Some scenes just don't work, and it's that simple. I have two such set in a gastroenterologist's office (which should have been my first clue, right there) that flounder and waffle mercilessly. These, and their companions in dysfunction, I believe I will rewrite from scratch with new ideas that are influenced by an improved sense of continuity to the whole thing. More importantly, the characters they particularly address are weak. It's going to be a lot of re-imagining, which is fun, even when it's frustrating. This is what got me started on day-dreaming about it, anyway -- the possibility of that freedom to do more than revise, to rewrite.

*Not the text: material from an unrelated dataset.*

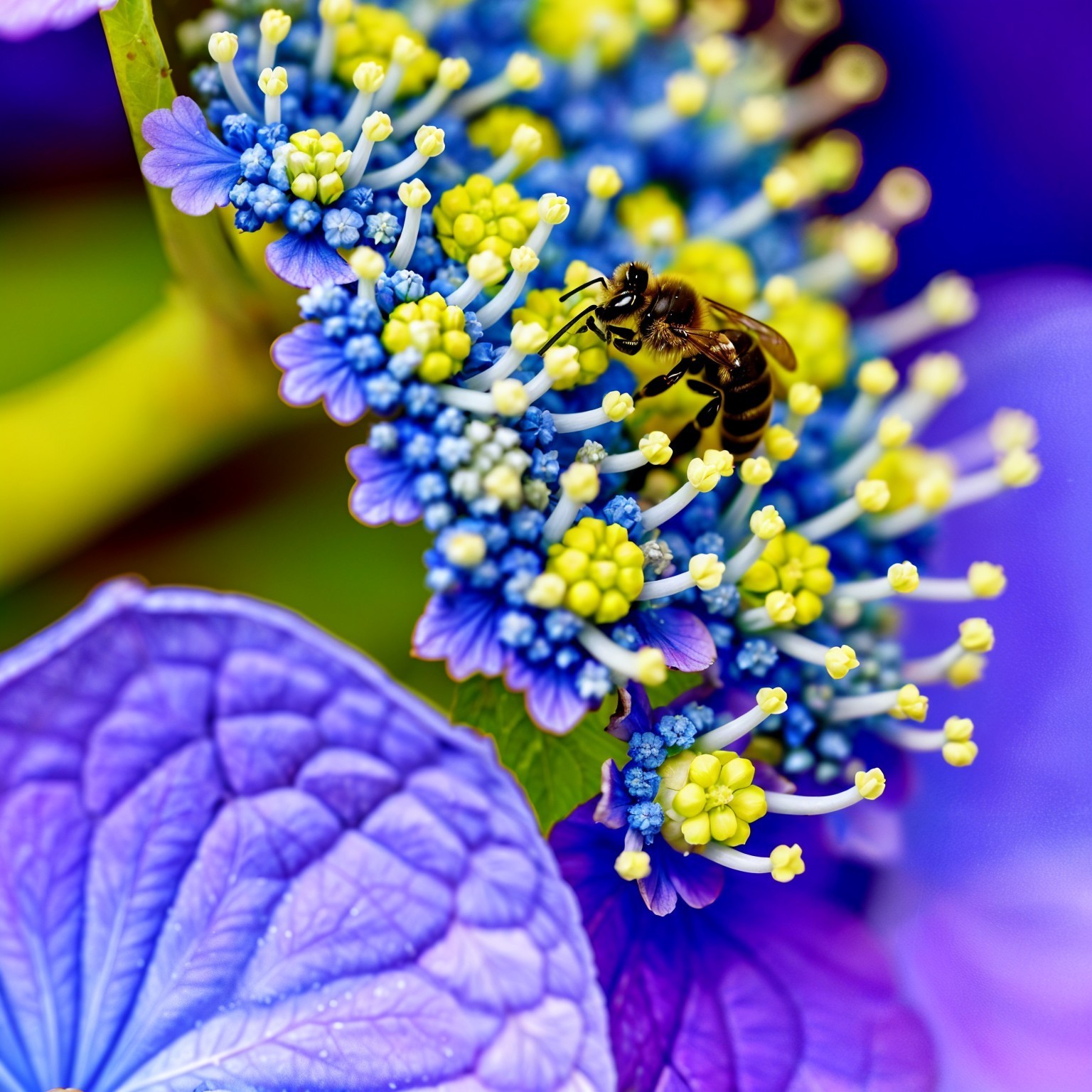 A honeybee busily gathers nectar from a cluster of vibrant blue hydrangea flowers, showcasing nature's beauty and the vital role of pollinators in the ecosystem.

Along those lines, too, I realize an immediate need to rearrange what scenes I do have fairly strong. As they are arranged now, my eye was more on structural symmetry, not enough on organic cause-and-effect. Which is actually pretty funny, since one of the philosophical arguments I have going in the thing is between linear and holistic perspectives. Philosophy is another little facet that needs rearranging. Just now, some of the characters have perspectives that are too similar for anything terribly interesting to happen between them. This, and the aforementioned, leads me to contemplating the cut of one (or more?) of my dears. The whole thing could really benefit from an outline of some kind, which, again: funny. I'm not very good at or about outlining. I don't like doing it, and I'm pretty crap at it, generally imposing too much logical control and not enough intuitive exploration. Then again, maybe I'm just doing it wrong, somehow.

Expatriate Younce and I, in our recent brainstorming phone call, got to talking about ideas and our rather different relationships to them. To put it mildly, I have a love-hate relationship to my ideas. My ideas have burned me before and, though I try to forgive and forget, I am holding on to the odd grudge, or seventy-eight. Ideas are as malevolent as they are beneficial to me, some resulting in a well-deserved sense of accomplishment, and other resulting in a tremendous amount of wasted time and effort. Of course, as I write this, I realize that I'm a little too focused on product over process here. Younce points out that my urge to fulfill a creative idea's potential is what enables me to get creative things done, but the flip side of that coin is frustration over delayed or (in many dreadful cases) aborted projects. Take, for example, this idea I had of incorporating the three fates into my play (in a gastroenterologist's office, for Pete's sakes). Thought it was great, ended up screwing the story into places it most certainly does not belong.

So outlining, free writing and cuts. Perhaps I hate acknowledging how little I've accomplished on a first draft, and that's why I generally avoid the revision process? Whatever it may be, I'm determined to make this project the one for which I break that habit. Then I am sure I will have still more revisions, but hopefully I'll be slightly more capable of them.

Then, too, maybe Youncey can finally get his werewolf story.